Op ‘Ys’ bezingt ze haar poëtische epistels en sprookjesachtige
fantasieën echter met de ervaring en het zelfvertrouwen van een oma
die vanuit de schommelstoel haar kleinkinderen naar andere
werkelijkheden transporteert.
“The meteorite is the source of the light, and the meteor’s
just what we see; and the meteoroid is a stone that’s devoid of the
fire that propelled it to thee”: we zien het niet direct uit
de strot van Johnny Rotten komen.
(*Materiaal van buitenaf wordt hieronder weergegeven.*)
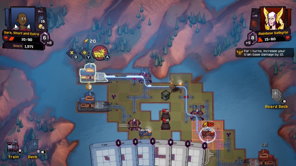 Apesar de tudo isso, Battle Train não escapa de tropeços. As partidas, especialmente contra chefes, podem se arrastar por até 40 minutos, criando um desgaste mental maior do que o esperado. A dificuldade é um tanto instável: inimigos controlados pela IA parecem, às vezes, prever exatamente o que o jogador fará, ativando cartas “milagrosas” no momento perfeito. Isso levanta dúvidas sobre o equilíbrio da inteligência artificial.
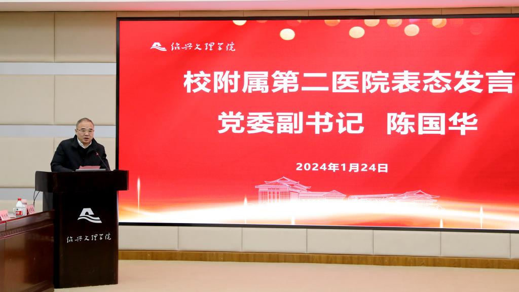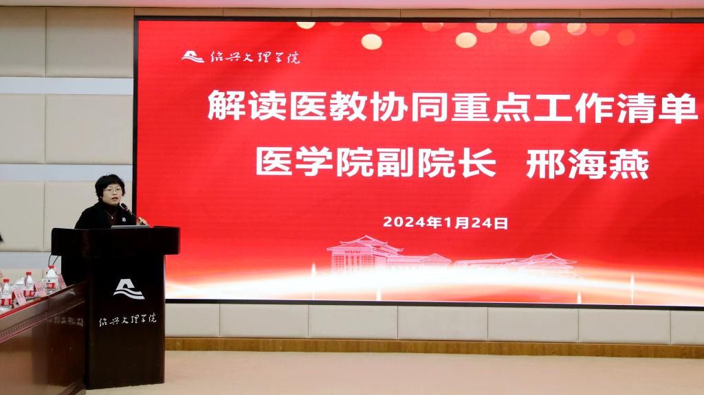 1月24日,校地医教协同推进会暨临床医学专业认证启动会在河西校区图书馆一楼报告厅举行。学校副校长柳国庆,绍兴市卫健委党委书记、主任王宏达,绍兴市卫健委副主任金红柱、学校教务处处长方小利、学校教育质量评估中心主任祝立英,绍兴市卫健委相关职能处室负责人、学校相关职能部门负责人,各附属医院主要领导、科教处(科)负责人,各社区卫生服务中心主要领导、科教科负责人,开云最新官方党政领导班子成员、科室、系(部)、中心负责人,临床医学部全体教师参加会议。会议由开云最新官方党委书记吴剑平主持。
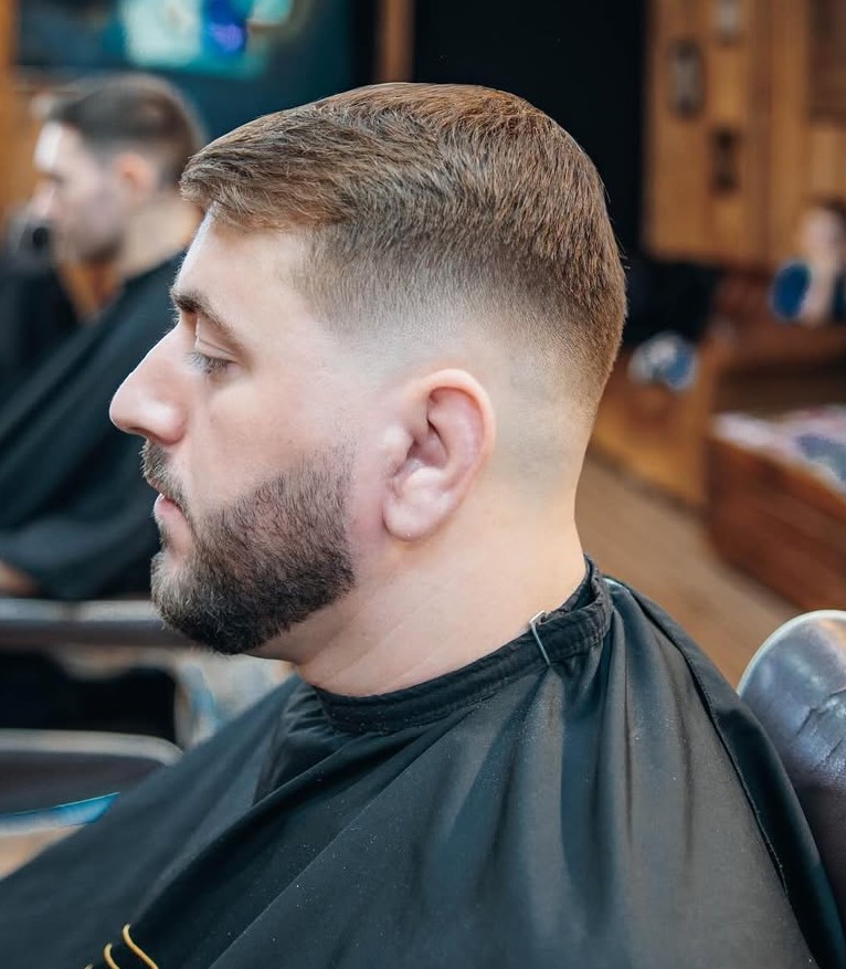 This brush cut has a faded look down and a choppier texture up top. The top is a bit longer, and it can be messy or groomed. This is a very low-maintenance cut that will not bother you – just get it trimmed up on a regular basis.
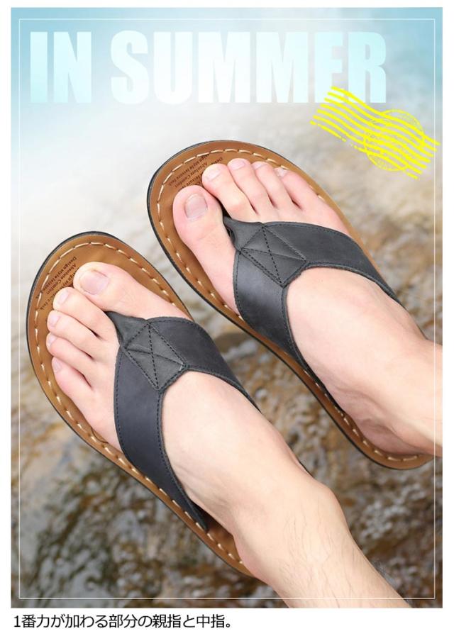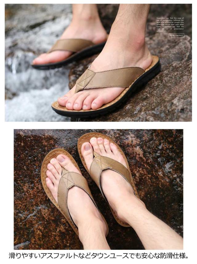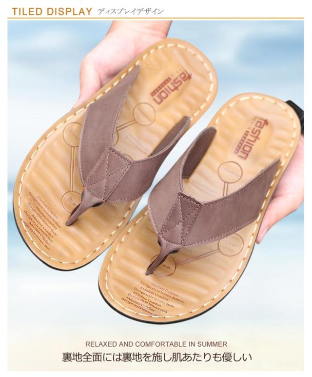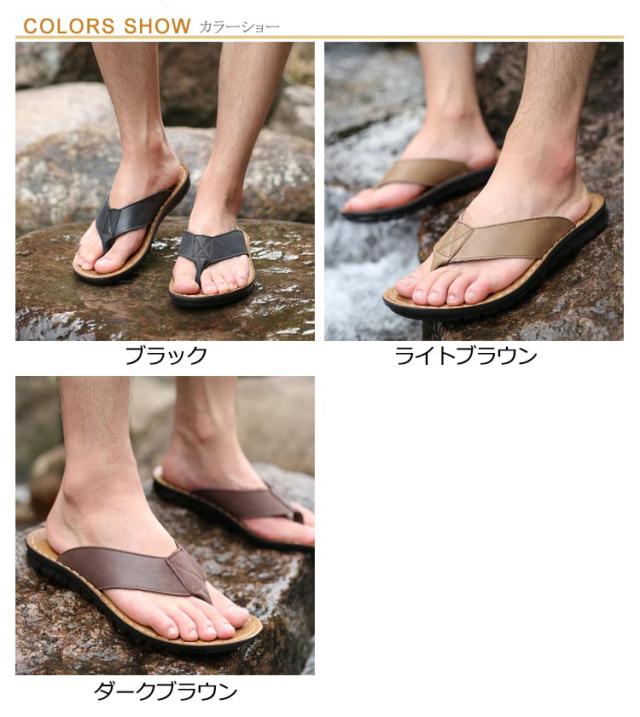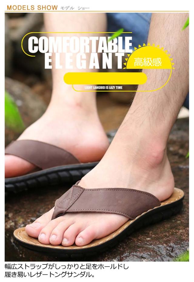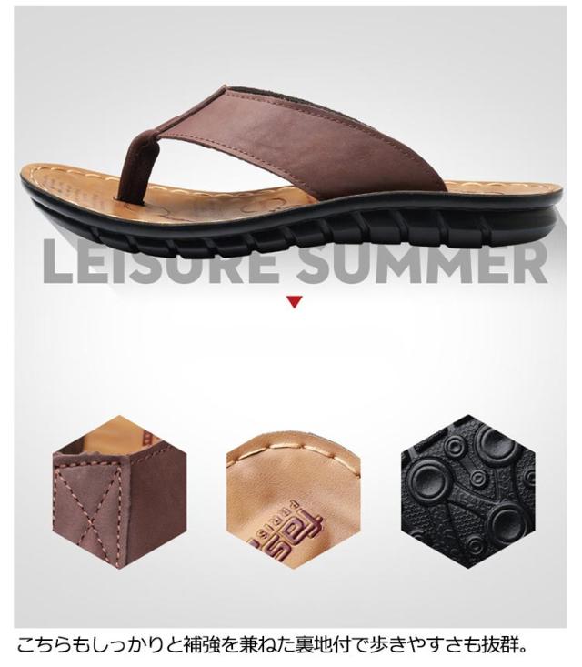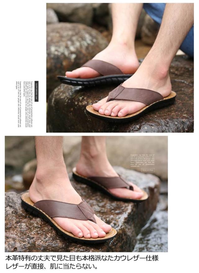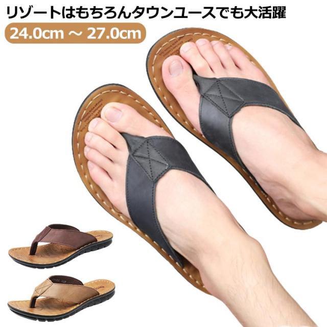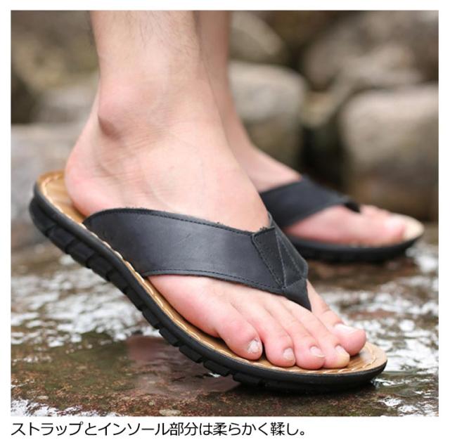 【送料無料】 トング サンダル メンズ トングサンダル レザー ビーチサンダル リアルレザー 革 本革 牛革 大きいサイズ メンズシューズ 幅広ストラップ 防滑 柔軟 軽量 高級感 タウンユース リゾート 旅行 トラベル 普段履き 夏 ビーチ 海 川 プール
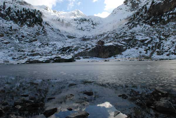 Au fond du Couleau (Embrunais), entre Chateauroux et Saint-Clément quelques centimètres de neige recouvrent le sol dès 1800 m d'altitude. Les éclaircies alternent avec les averses de grésil, le soleil joue avec les nuages...
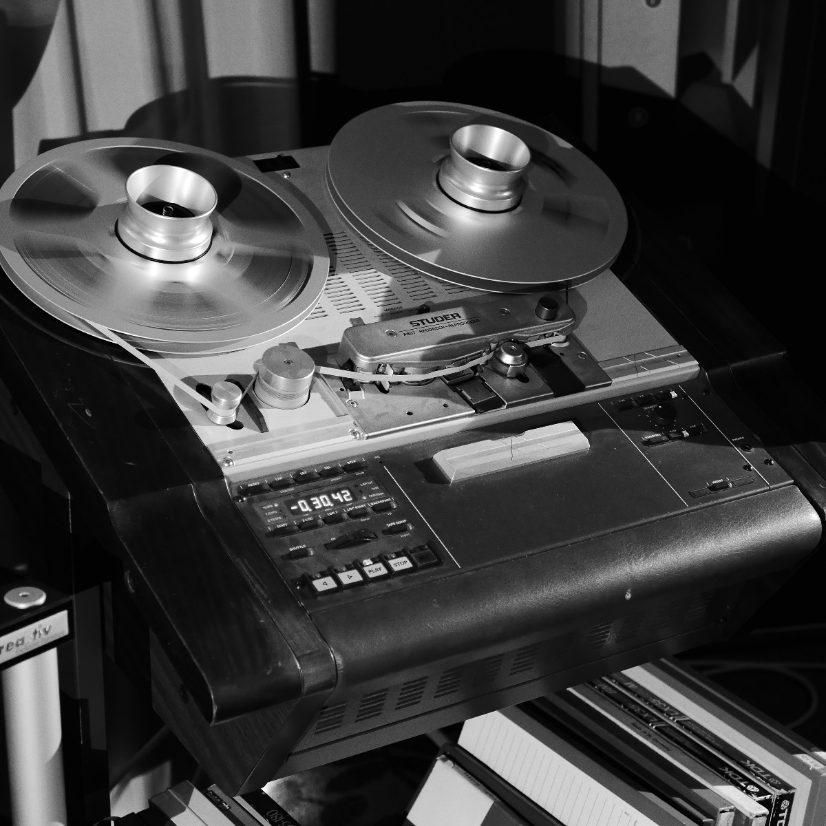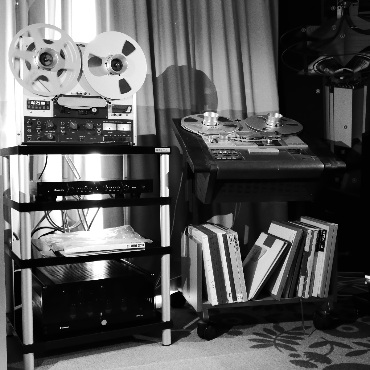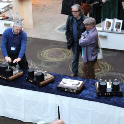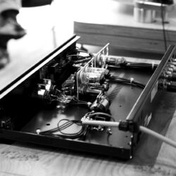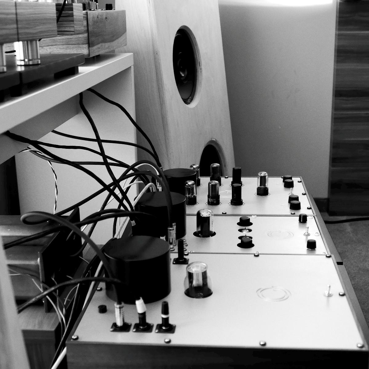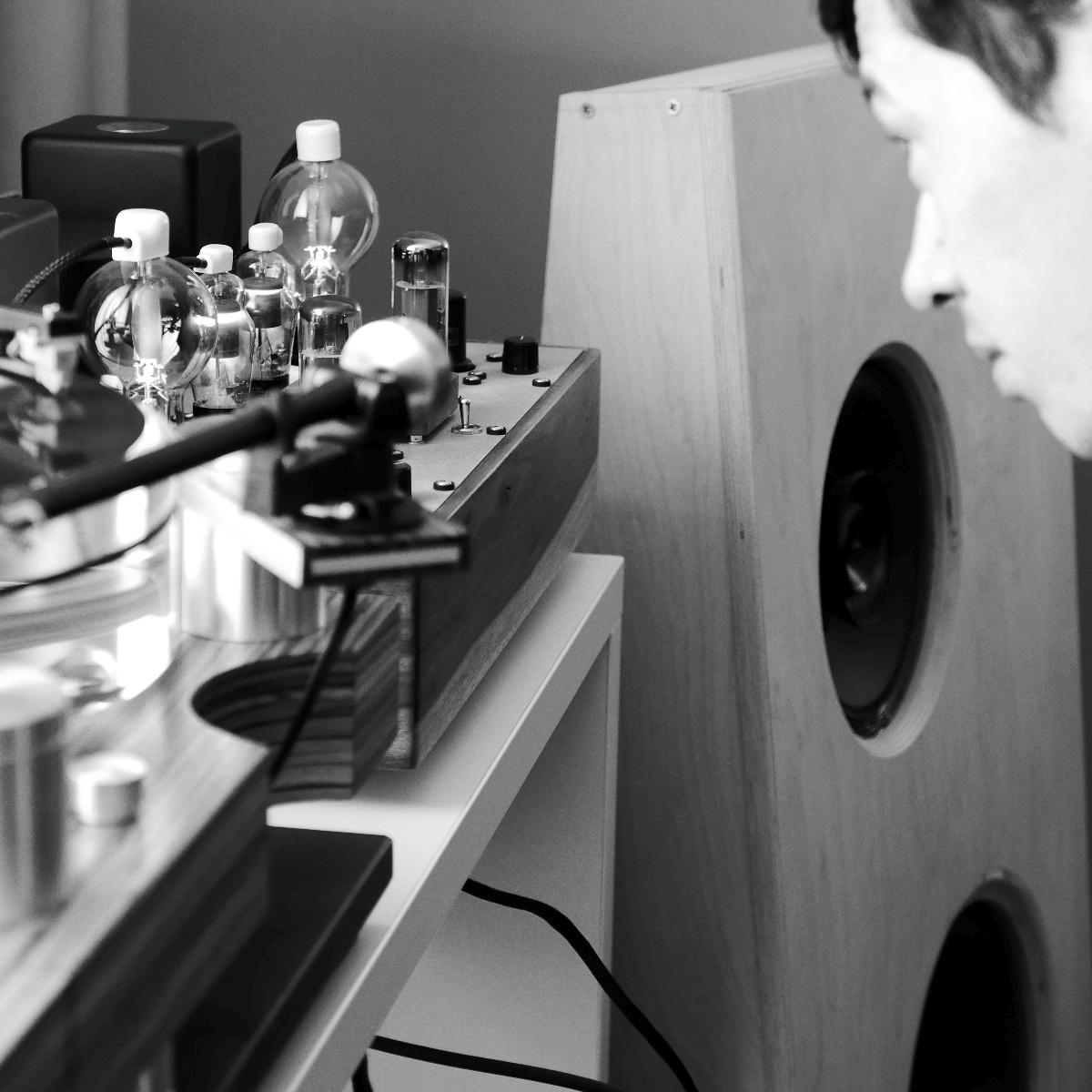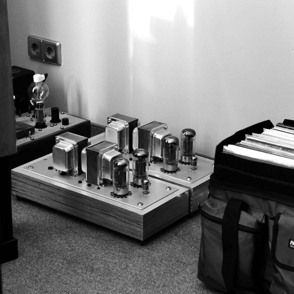 Sonntags klangen erwartungsgemäß viele Installationen noch besser, weil sie warm- und eingespielt waren, trotzdem hatten einige professionelle Besucher sichtlich Mühe, dem Geschehen unmittelbar zu folgen. Herauszuheben ist bezüglich des Klangs Martina Schöner, die mit eigenen modularen Lautsprechern und Elektronik von Joachim Gerhard angereist war. Und natürlich mit ihrer wundervollen Garrard-Weiterentwicklung 501. Ebenso wie Thomas Fast, dessen mit Klangschälchen vollgepfropfte Vorführungen der kleinen Kiso-Lautsprecher immer ausgesprochen dynamisch vorwärts marschieren, und Croft in Verbindung mit Harbeth bei Input-Audio, wo auch sehr tiefe Impulse noch druckvoll wiedergegeben wurden. Ähnlich auf den Punkt tönte es auch bei SWS-Audio mit Feickert-Laufwerk und Geithain-Monitoren. Kompromisslos und brutal gingen die Euphonic Architects mit einem im Wortsinn betonierten Basshorn inklusive Monitoren in PA-Optik zu Werke. Dass es dort trotz gehobener Lautstärke und nicht gerade betontem Wohlfühlsound trotzdem einen Heidenspaß machte, dürfte nicht zuletzt an der hervorragenden Quellenlage gelegen haben: Nebeneinander standen dort ein EMT-Laufwerk, ein sehr rarer Ulysses und eine Studer-Bandmaschine und sorgten für starke Begehrlichkeiten bei den zahlreichen Vintage-Jüngern.

Hoewel de teksten geen hapklare
brokken zijn, worden ze door het taalgevoel en de unieke frasering
van Newsom omgetoverd tot poëtisch spinnenrag. Als een goedmenende
Shelob wikkelt Newsom de zinnen rond de luisteraar tot het laatste
spoortje weerbarstigheid is verdwenen en de betekenis van de
woorden zich ontvouwt. Zo is ‘Emily’ een prachtige ode aan haar
zusje en blijkt ‘Monkey & Bear’ een spannende dierenfabel over
vriendschap, liefde en de moed om het onbekende te
overwinnen.
In tegenstelling tot haar debuut worden de verhalen van Newsom niet
enkel begeleid door harp, maar ook door weelderige arrangementen
van Van Dyke Parks. Zo doet ‘Monkey & Bear’ sterk aan Prokofiev
denken: strijkers- en houtblazersarrangementen verklanken de reis
van de aap en de beer en Newsom volgt met haar stem de avonturen
van haar personages. Voorzichtige stapjes en uitbundige
danspartijen worden subliem uitgeschreven tot een muzikaal
handschrift dat de opwinding van de lessen in de Germaanse
filologie een pak zou opkrikken. Newsom heeft echter geen grootste
muzikale omkadering nodig om te overtuigen. In ‘Sawdust &
Diamonds’ zijn meanderende harpklanken en haar meeslepende stem
ruim voldoende om negen minuten de adem in te houden en de
schoonheid van ‘Ys’ in je op te nemen.
Het kale ‘Sawdust & Diamonds’ mag dan een aangenaam oog van de
symfonische storm zijn, de rijke arrangementen voelen nergens
copieus aan en de maagtabletten blijven dus op zak. Door de
productie van Albini en het mixwerk van O’ Rourke zitten de
arrangementen nergens in de weg van de goddelijke
stem+harp-combinatie. In ‘Only Skin’ mag Newsom bijvoorbeeld lange
tijd einzelgänger spelen tot prachtige strijkers haar vergezellen
op het pad van de liefde.
‘Ys’ is zo’n plaat die het toenemende cultuurpessimisme meesterlijk
de kop indrukt. Wie maalt nog om Donna of TopRadio als er artiesten
als Joanna Newsom bestaan die verrassen en betoveren, ontroeren en
bevreemden, verstillen en verbazen. ‘Ys’ is een unieke folktrip
zonder weerga, bezaaid met paadjes die bewandeld moeten worden. U
weet wat u te doen staat!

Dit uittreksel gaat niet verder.